▶ Task description: Here the job is to transcribe only the lines from the one containing "20 فرقة و77" through the last line below, exactly as written; please leave out pictures.

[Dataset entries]

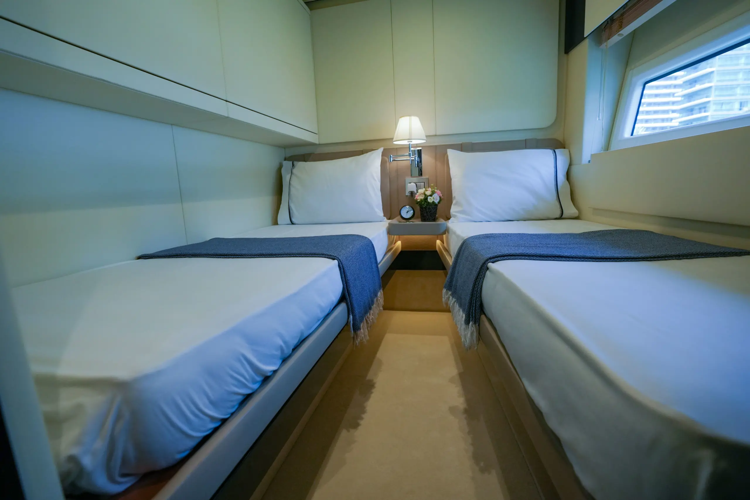 With expansive sun decks, sophisticated interiors, and panoramic sea views, the 77S is perfect for intimate gatherings, corporate retreats, or lively celebrations. The yacht’s modern amenities and stylish design create an atmosphere of effortless indulgence for all guests on board.
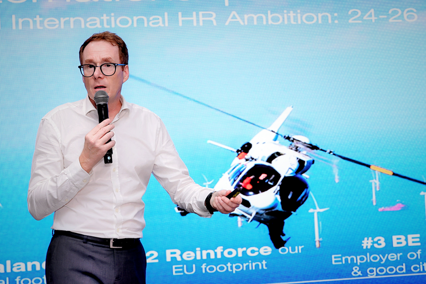 空客中国负责人为师生详细介绍了空客三大核心业务领域:商用飞机、防务与航天以及直升机。在商用飞机领域,负责人重点讲解了A320系列、A350系列等经典机型的优势,特别是A350XWB凭借其碳纤维复合材料与出色燃油效率成为行业翘楚。在直升机领域,H135机型以其独特的Fenestron尾桨设计与灵活的操控性能备受关注。
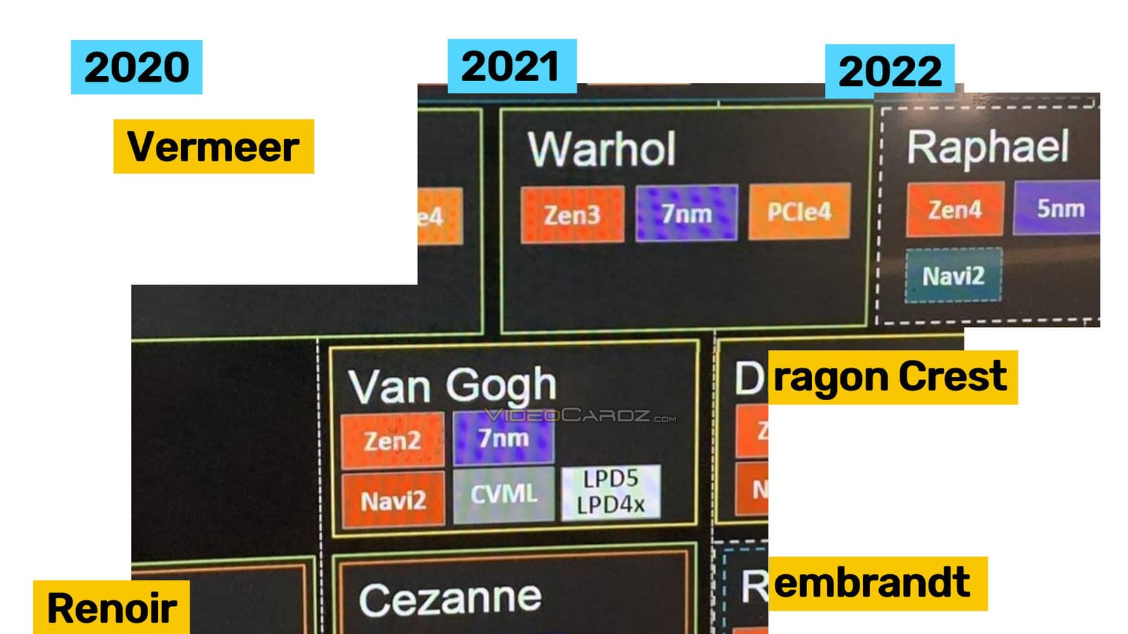 Что касается других процессоров AMD, тут у нас пока нет новых кусочков той же дорожной карты, но есть другая — собранная пользователем Twitter на основе имеющихся слухов и утечек.
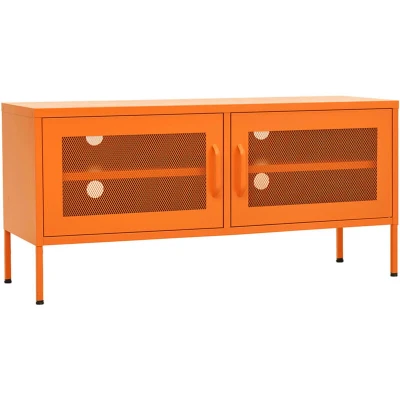 Amazon【Spacious Storage】: Featuring two mesh doors with a shelf inside, this TV unit offers ample space for DVDs, magazines and other essentials. Keeps your space clutter-free 【Versatile Use】: With dimensions of 41.3" x 13.8" x 19.7", this TV cabinet can accommodate various TV sizes. Also, includes adjustable levelers for optimal positioning 【Sturdy Construction】: Made from high-quality steel, ensuring durability and stability. Ideal for supporting heavy electronics without any wobble or shake 【Easy Maintenance】: The steel material is effortless to clean. Simply wipe it with a damp cloth to remove dust or spills. Low maintenance factor adds to its appeal 【Vibrant Appearance】: This vidaXL TV Stand enhances your living space with its bold orange color and trendy industrial style. Perfectly suited for contemporary décor
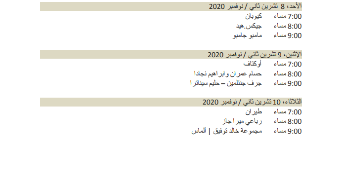 20 فرقة و77 فنان في عروض موسيقية على اليوتيوب من 5 الى 10 نوفمبر/ تشرين ثاني 2020
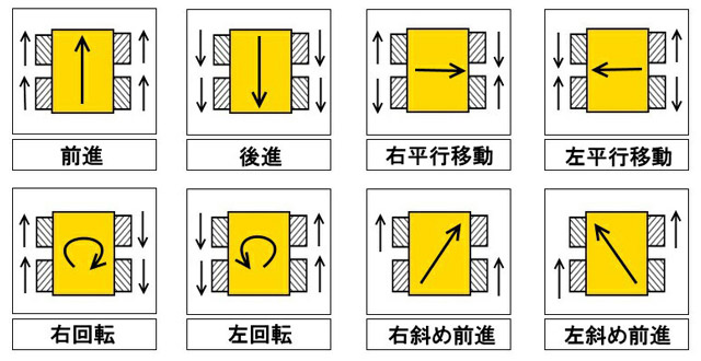 4輪駆動で各タイヤに正転、後転、停止の制御をかければ、組み合わせに応じて図のような動作が再現できます。今回は全ての方向を網羅させたいので、図に左下と右下、停止を加えた「11パターン」の組み合わせを作ります。

▶ Exercise answer:
 20 فرقة و77 فنان في عروض موسيقية على اليوتيوب من 5 الى 10 نوفمبر/ تشرين ثاني 2020
 4輪駆動で各タイヤに正転、後転、停止の制御をかければ、組み合わせに応じて図のような動作が再現できます。今回は全ての方向を網羅させたいので、図に左下と右下、停止を加えた「11パターン」の組み合わせを作ります。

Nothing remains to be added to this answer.